THE TASK:
Retype the whole listing below exactly, keeping every picture out of it.

GIVEN INFORMATION:
□ □ □

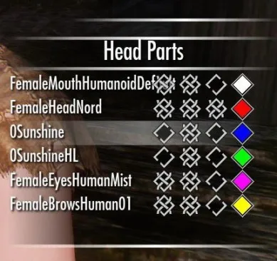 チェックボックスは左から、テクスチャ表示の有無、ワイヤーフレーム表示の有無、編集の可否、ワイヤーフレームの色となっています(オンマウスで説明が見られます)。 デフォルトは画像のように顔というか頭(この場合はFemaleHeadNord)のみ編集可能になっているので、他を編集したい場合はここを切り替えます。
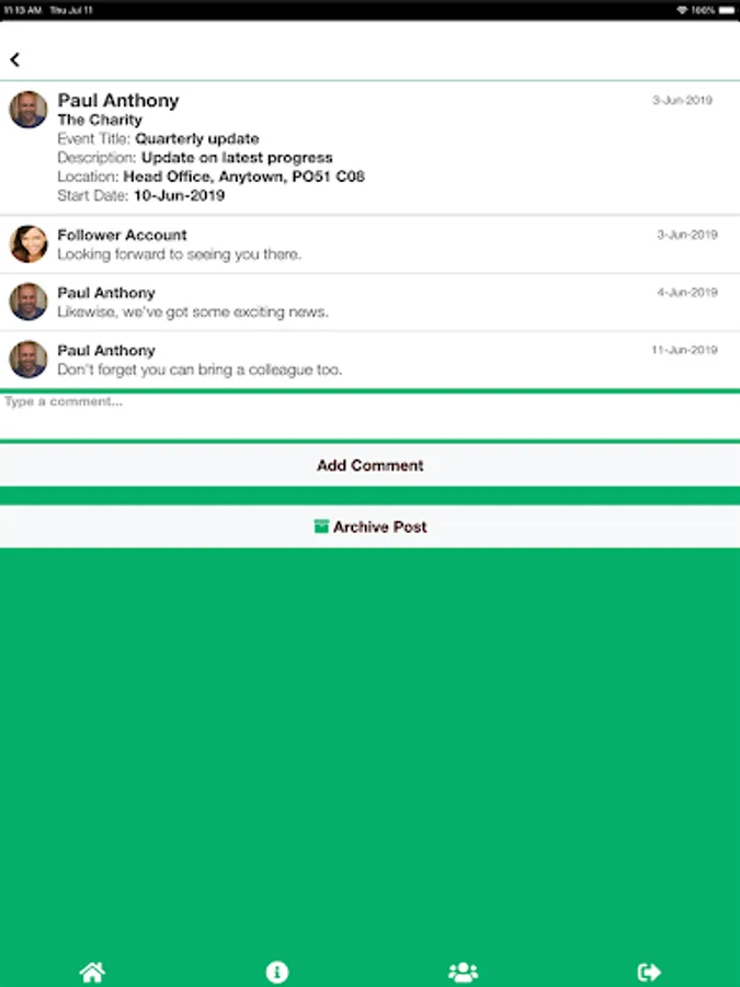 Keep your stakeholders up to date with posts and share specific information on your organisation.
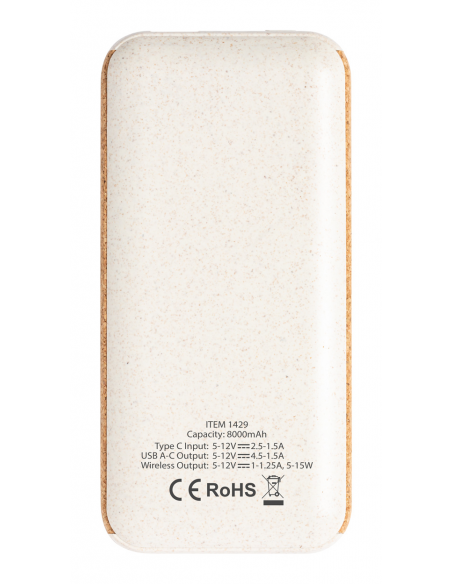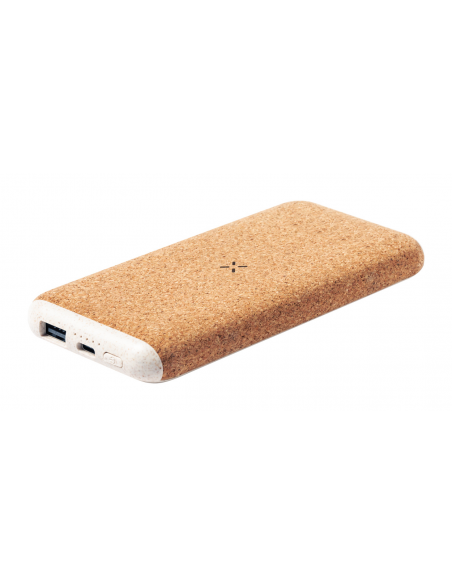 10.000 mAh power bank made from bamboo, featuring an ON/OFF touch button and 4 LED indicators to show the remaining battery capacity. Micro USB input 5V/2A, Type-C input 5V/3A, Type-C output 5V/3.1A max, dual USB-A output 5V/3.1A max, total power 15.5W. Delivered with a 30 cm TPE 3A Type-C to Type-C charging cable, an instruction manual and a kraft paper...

□ □ □

RESPONSE FOR THIS EXERCISE:
 チェックボックスは左から、テクスチャ表示の有無、ワイヤーフレーム表示の有無、編集の可否、ワイヤーフレームの色となっています(オンマウスで説明が見られます)。 デフォルトは画像のように顔というか頭(この場合はFemaleHeadNord)のみ編集可能になっているので、他を編集したい場合はここを切り替えます。
 Keep your stakeholders up to date with posts and share specific information on your organisation.
 10.000 mAh power bank made from bamboo, featuring an ON/OFF touch button and 4 LED indicators to show the remaining battery capacity. Micro USB input 5V/2A, Type-C input 5V/3A, Type-C output 5V/3.1A max, dual USB-A output 5V/3.1A max, total power 15.5W. Delivered with a 30 cm TPE 3A Type-C to Type-C charging cable, an instruction manual and a kraft paper...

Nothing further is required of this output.